Albert was a big man, a left-handed man, and when he started playing there weren't any guitars built for lefties, so he played a regular guitar upside down. He had huge hands, and he didn't use a pick. He played like no one else.
With Albert it wasn't about technique. He knew about six phrases and played about fourteen notes. But every phrase was in-the-pocket and every note was telling; the swinging notes swang, the crying notes cried and the singing notes sang.
I remember back in 1969 seeing a concert at the old Fillmore East in New York: The Who headlined, preceded by Chuck Berry and Albert King. I'd heard Albert but never seen him. I was probably too young for Albert; all my guitar heroes were guys like Alvin Lee who played a lot of notes. Yet on that night Albert played a slow blues in a minor key, and at some point, to my utter astonishment, I felt tears on my cheek. What's happening to me? I thought; The guy plays FOURTEEN NOTES.

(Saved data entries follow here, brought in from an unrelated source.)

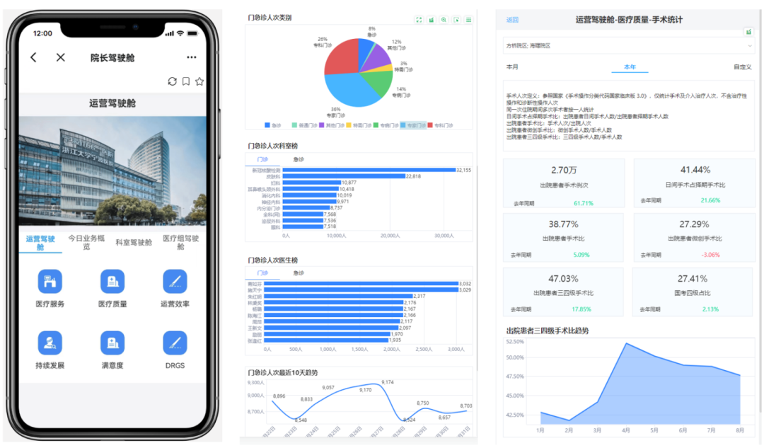 宁波市第一医院的智慧运营分析平台建立了“5G移动驾驶舱”实现数据随时看,建立了“手机钉钉驾驶舱”,围绕医院内部管理和患者服务进行建设,优先医院内部管理,有助于医院管理层实时查看医院运营状况。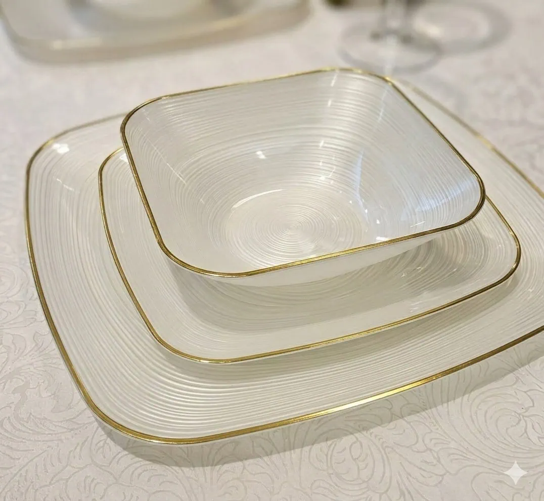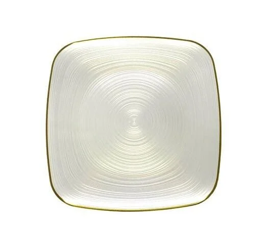 צלחות מרובעות פנינה עם מסגרת זהב – 10 יחידות
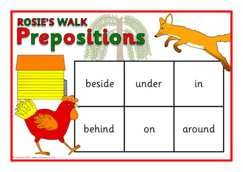 A printable bingo game linked to the story of Rosie’s Walk by Pat Hutchins.  Children match the picture cards to the prepositions on their word board.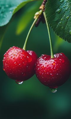 Download 240x400 cherries, fruits, drops, dew, macro, red wallpaper, background nokia asha 311, samsung galaxy 580, omnia, lg kp500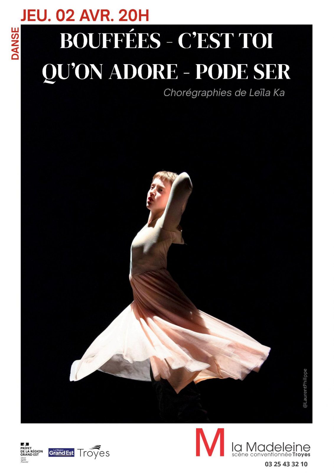 02 Apr 2026 Rue Jules Lebocey, 10000 Troyes Consult the timetable Date Rate Situation Nearby Return to list Date 02 April 2026DaysHoursThursdayAt 20h00 Rate Rate Min. Max. Full price Min: 18,20€ Max: 18,20€ Reduced price Min: 15,20€ Max: 15,20€ Teenager Min: 8,20€ Max: 8,20€ Child Min: 6,20€ Max: 6,20€ One price Min: 6,70€ Max: 6,70€ One price : 6,70 € Situation 3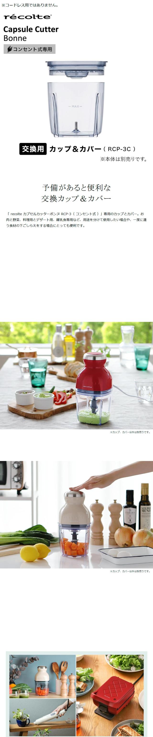 [ recolte Capsule Cutter Bonne 専用カップ&カバー ]レコルト カプセルカッター ボンヌ 交換用 カップ RCP-3C recolte フードプロセッサー 離乳食 専用カップ 専用ボトル 離乳食作り フタ 器 コンパクト 交換用 使い分け 予備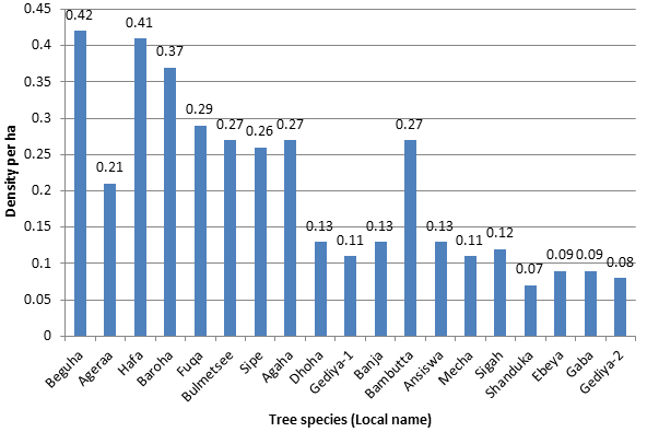As shown in Table 1 On average, 3.82 trees per hectare (ha-1) were recorded in the greener belt of Ethiopia. The number of trees ha-1 ranges from 2 to14 (standard deviation (STD) = 3.26). About 30%, 21% and 49% of trees were found on the farm plots surveyed in Senne, Fuafate and BHgL villages respectively. The respective minimum and maximum numbers of trees ha-1 were 2 and 9 in Senne, 6 and 10 in Fuafate, and 5 and 14 in BHgL, village. The average number of trees ha-1 was 2.92 (STD = 2.42) in Senne, 3.94 (STD = 2.89) in Fuafate, and 4.67 (STD = 3.75) in BHgL, village.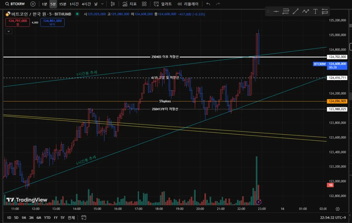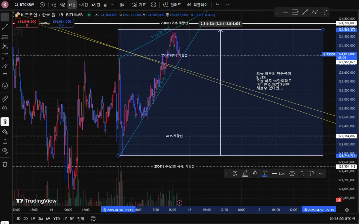4/15 (화) 1일봉 -> 1시간 봉 -> > 15분봉 -> 5분봉 순으로 작도를 해봤습니다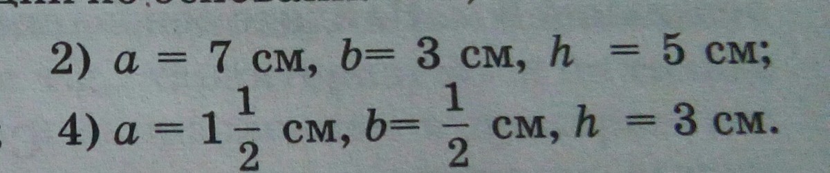 Найдите площадь трапеции по основаниям a ,b и высоте h

But every one of those notes was music. And every note was played with truth and with passion. And it is what, 34 years later, and Albert left us some ten years ago, and I don't listen to a lot of blues any more. But Albert King is the shit. Every bit as true and honest and real as he always was, and the reason I tell you this is, it's not about how many notes you play; it's not about HOW you play at all....it's about what you play.
And if you're wondering "What does this have to do with wine?" then say your question out loud. With wine it isn't the notes, it's the music. It isn't the trees, it's the forest. It isn't the parts; it's the whole. And the very minute you learn to see wine that way, you stop fussing about how much flavor, how many nuances, how much intensity, how many "points": wine becomes either authentic or inauthentic, in every echelon of quality, so that an honest young dry Muscat is every bit as valid as the most regal Riesling, as long as both are honest. And you grow weary of show-off wines, big-fake-boobs wines, superstar-winemaker wines, because life is too short to tolerate the bogus. Once your soul tastes authenticity, it will spit out anything else. Play only the true notes, it will say. It doesn't matter whether they are Albert King's fourteen, or Trane's fourteen thousand - just make them all be music.